I like your question.  Most of the work I do is helping clients get a handle on content stored on shared network drives before migration to an ECRM.  Cleaning duplicates is part of that. Hopefully some of these factoids may still be useful for what you are seeking. 

I have come across a few companies do have a category in their retention schedule for "drafts and duplicates" - usually of 1 year.  Sometimes it is in the context of general admin stuff. 

On shared drives, when you find duplicates that span across departments or workgroups, it often identifies an opportunity for a collaborative site between those areas. (i.e. if Dept A and Dept B have multiple duplicates of a similar nature, they are trying to compensate for a general lack of sharing between the two departments.) Consider a SharePoint site to address this need. 

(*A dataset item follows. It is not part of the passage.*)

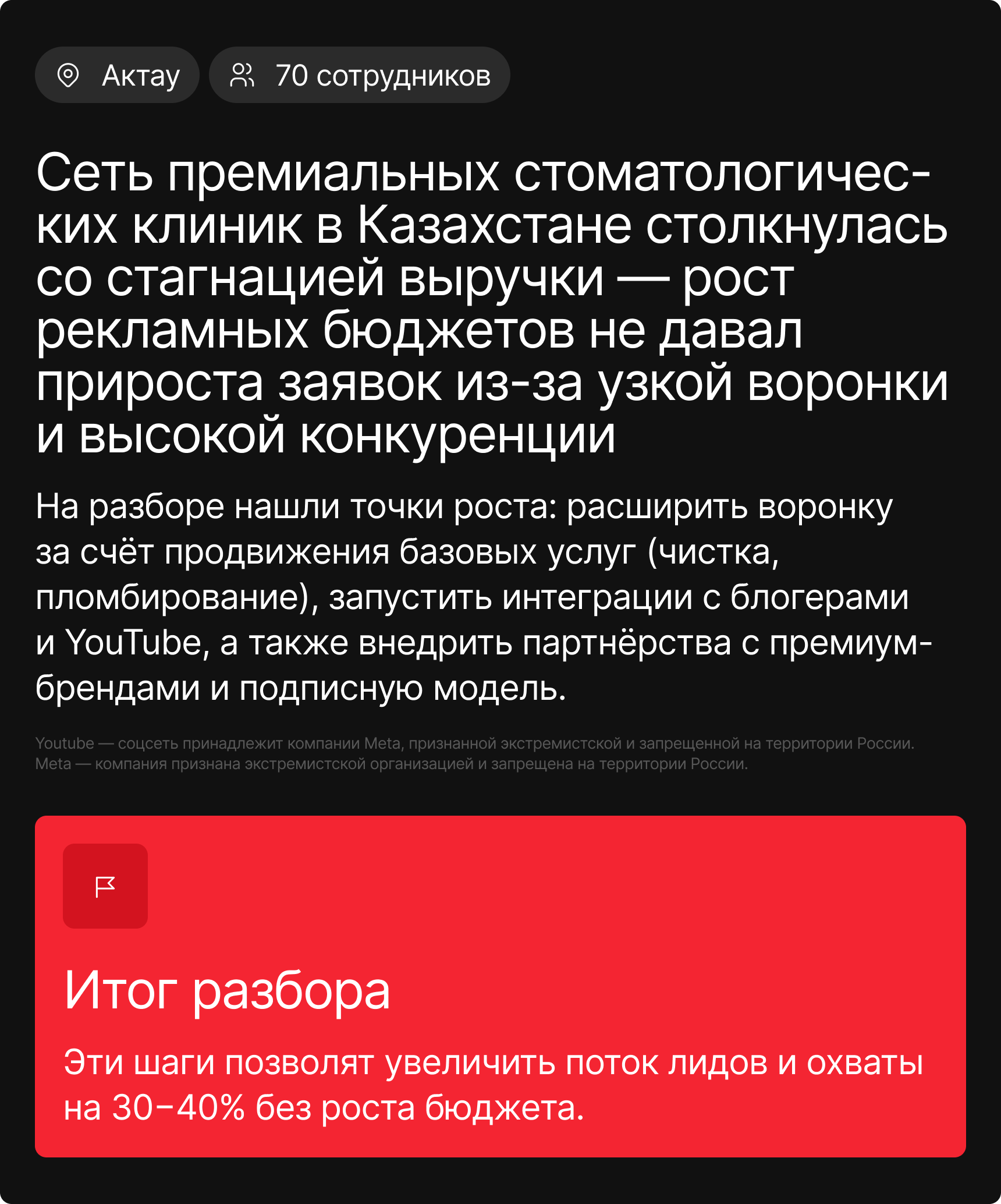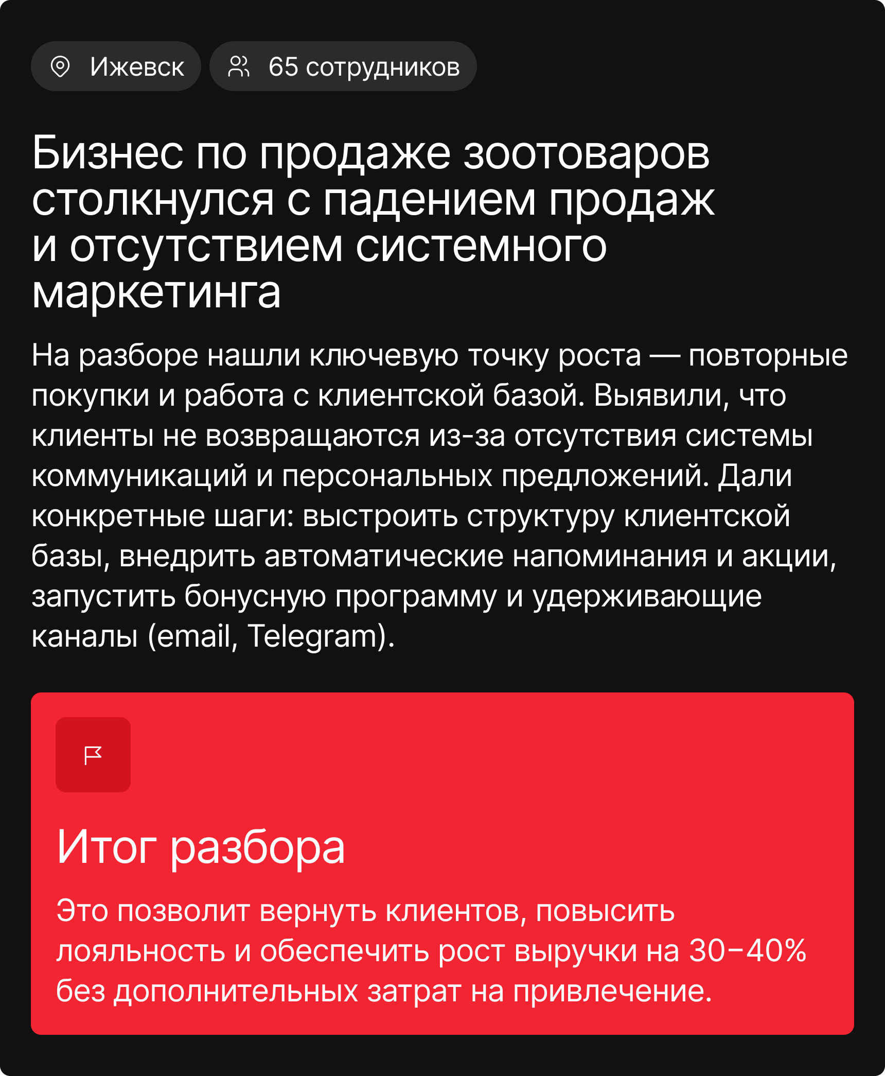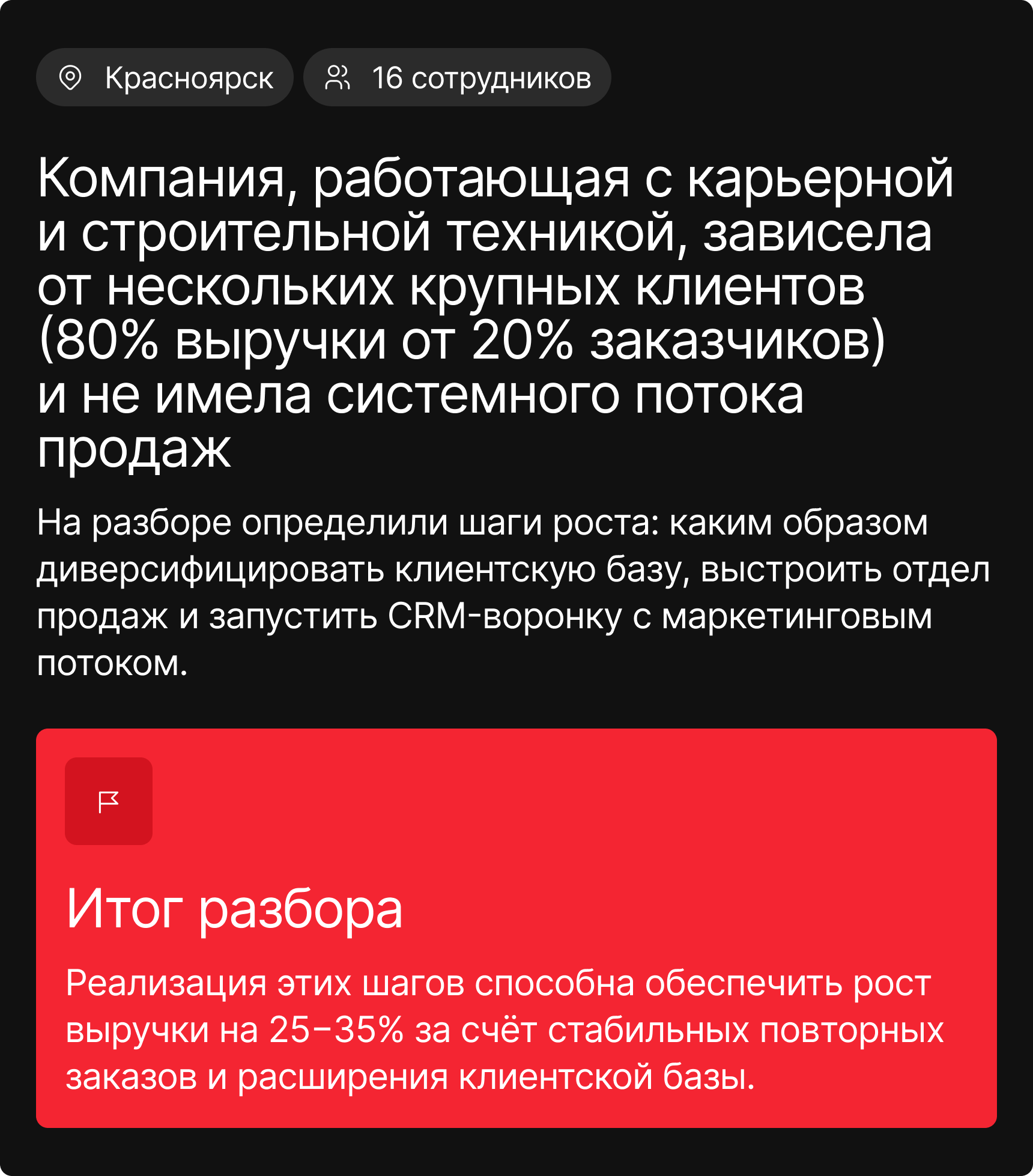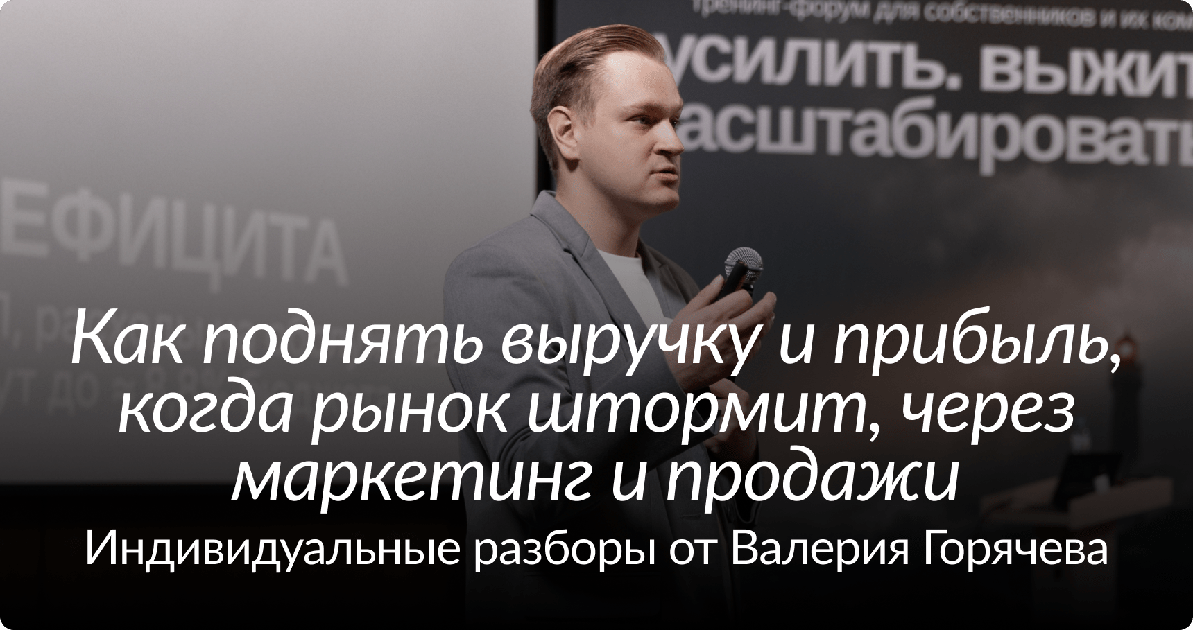 | Если у вас падает доход, отдел продаж не справляется, меньше квалифицированных лидов, растет стоимость клиента или просела конверсия в продажах — на встрече вы кратко рассказываете о своей ситуации, а Валерий проводит персональный разбор. На выходе — 2−5 шагов исправления ситуации с продажами и маркетингом под вашу нишу и ресурсы.

To find duplicates on a network share, you can either compare names, dates, and sizes, or you can run a utility to find a file's "MD5 hash."  (If the hash numbers of two different files match, they are identical, even if the name is different.)  I have found:
*	31% of the time a duplicate file name occurs; it is not a duplicate file
*	97% of the time, files with identical dates and sizes will also be duplicates
*	10% of the time, a duplicate will say "Copy of" in the file name or folder
*	95% of the files that say "Copy of" are duplicates
*	An average duplicate set will have 3.14 surplus copies

But be careful:
*	85% of duplicates are created by humans, 15% by machine (temp files, backups, log files)
*	14% of the duplicates cannot be deleted as they are part of an application, database, or web-file collection (like navigation buttons) or represent a "complete set" of delivered files and their deletion will ruin the larger set. 

The numbers come from a single large, yet typical, shared drive.

You can configure tools to delete all but the most current, all but the oldest, all but the one in the shortest file path, or a combination of rules - or deal with them manually.  

Brian Tuemmler
Gimmal Group
[log in to unmask]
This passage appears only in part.